There are many different motivations for starting an ecommerce business, and many different desired results. Some entrepreneurs want to have an ecommerce store supplement their existing income and may even view it as a hobby, while others want to reach a point where their online storefront is their primary job. No matter what they sell, all ecommerce entrepreneurs share a common goal: find ways to make money online.
Making money in ecommerce involves more than just creating an online store and beginning to take orders. Many factors have to be considered to give your store the best chance at success. There's no guarantee that a store will be successful, but following these best practices will help maximize your profits and eliminate some of the most common unnecessary costs for ecommerce merchants.
A good profit margin is one of the most critical elements for profitability. Without understanding how much money your business is making per product and per sale, it's extremely difficult to know where money coming back into the business needs to be spent, how much money you should pay yourself and other important considerations. Calculating a profit margin is a straightforward task, and the same formula determines how much money is being made from each and every item your store sells, no matter how varied the products.
To calculate your profit margin, first take the total amount of money made per item, or revenue, and subtract the cost of the item. This yields the net profit per product sold. Then divide the net profit by the revenue to get your margin. For example, an item that costs a retailer $5 to purchase and is sold for $8 has a net profit of $3. The profit margin of that item would be 37.5%.
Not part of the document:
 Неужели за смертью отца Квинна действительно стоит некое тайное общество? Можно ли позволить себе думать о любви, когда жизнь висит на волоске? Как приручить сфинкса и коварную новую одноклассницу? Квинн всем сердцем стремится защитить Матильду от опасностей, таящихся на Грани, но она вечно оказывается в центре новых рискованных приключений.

Keeping track of the net profit and profit margin for your business makes it easier to adjust your costs while maintaining or improving profitability. With this information on hand, you can make better decisions. For example, you could compare the prices from different suppliers or determine if you could make more money by using different materials for handmade goods. Understanding your store's profit margins also lets you run more profitable sales and promotions. You can even monitor the prices of your competitors and appropriately re-price products as needed.
Maintaining the right level of inventory optimizes your cash flow by preventing you from tying up too much capital in products that may take months to sell. You can then use that money elsewhere whether investing in other areas of your operation or setting it aside until a need arises. Unlike profit margin, there isn't a single equation to calculate the right level of inventory for your store. But there are some steps you can take to reach an inventory level that works best for your business.
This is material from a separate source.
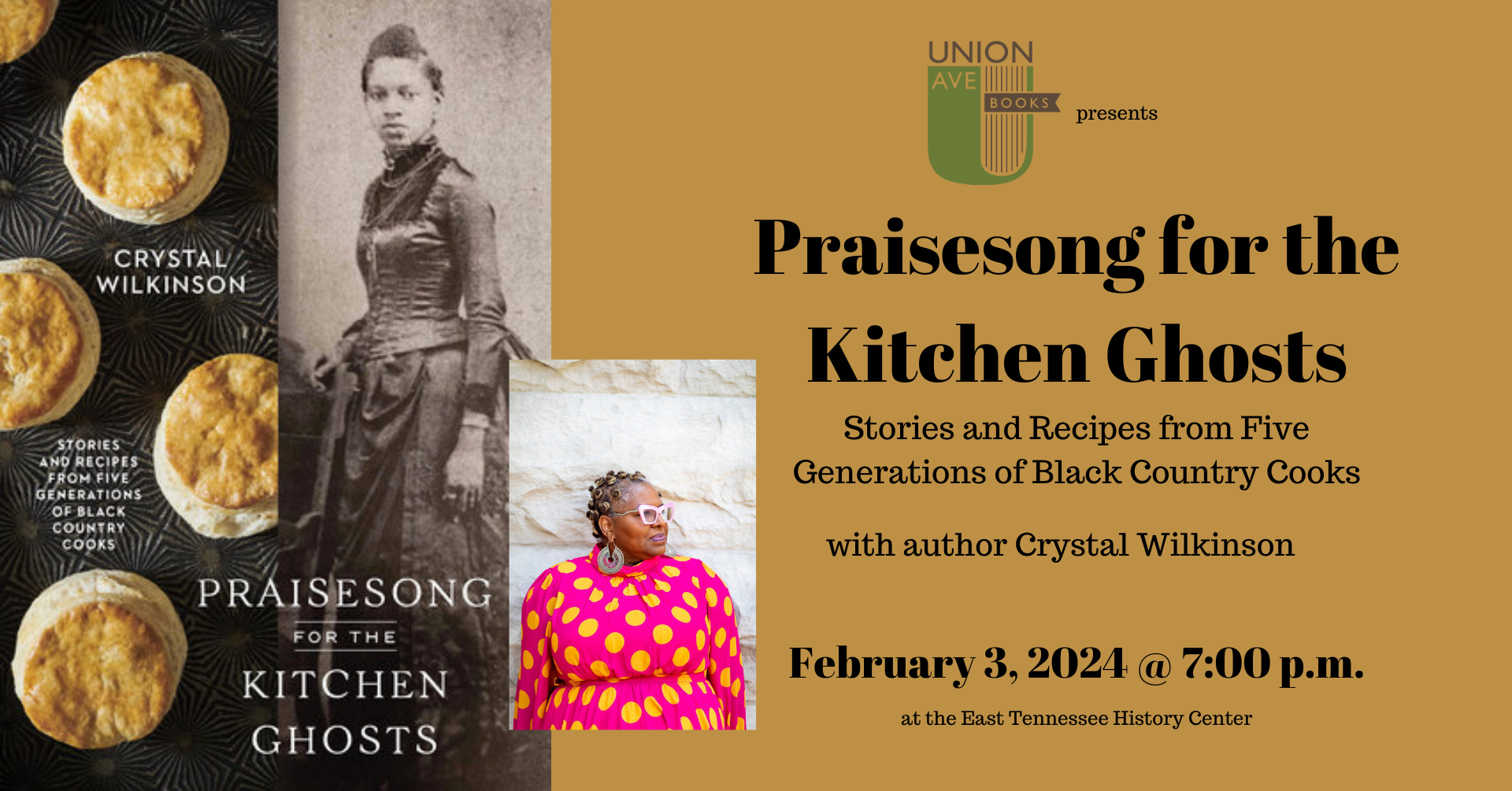03 February 2024Award-winning author, poet, and professor Crystal Wilkinson will speak on her book, Praisesong for the Kitchen Ghosts. In this book, Wilkinson gifts us a key that unlocks not only her own treasured memories but methods for embracing our own personal histories. Join the East Tennessee Historical Society and co-sponsors Union Ave Books as Ms. Wilkinson shares stories behind recipes rooted deep in the past. Praisesong for the Kitchen Ghosts brings to life a culinary and artistic inheritance that honors the mothers who came before, the land that provided for generations of her family, and the untold heritage of Black Appalachia.

First off, you should be tracking how often products sell and the relative frequency with which each items is ordered as compared to others. It's possible to manually track these statistics, but that can be a time-consuming task depending on your market and sales volume. Luckily, a wide variety of apps are available to help track sales and inventory levels.
Once you know the frequency of each of your products, you can then calculate how long a quantity of items will last. Although this data will be an average, it's still valuable. The specifics of optimal inventory depend on the costs of delivery from suppliers, as well as how frequently items are sold and how often you want to receive deliveries. By factoring all of those variables together, you can adjust inventory levels in order to receive fewer shipments from vendors and reduce the associated costs, plus free up more capital.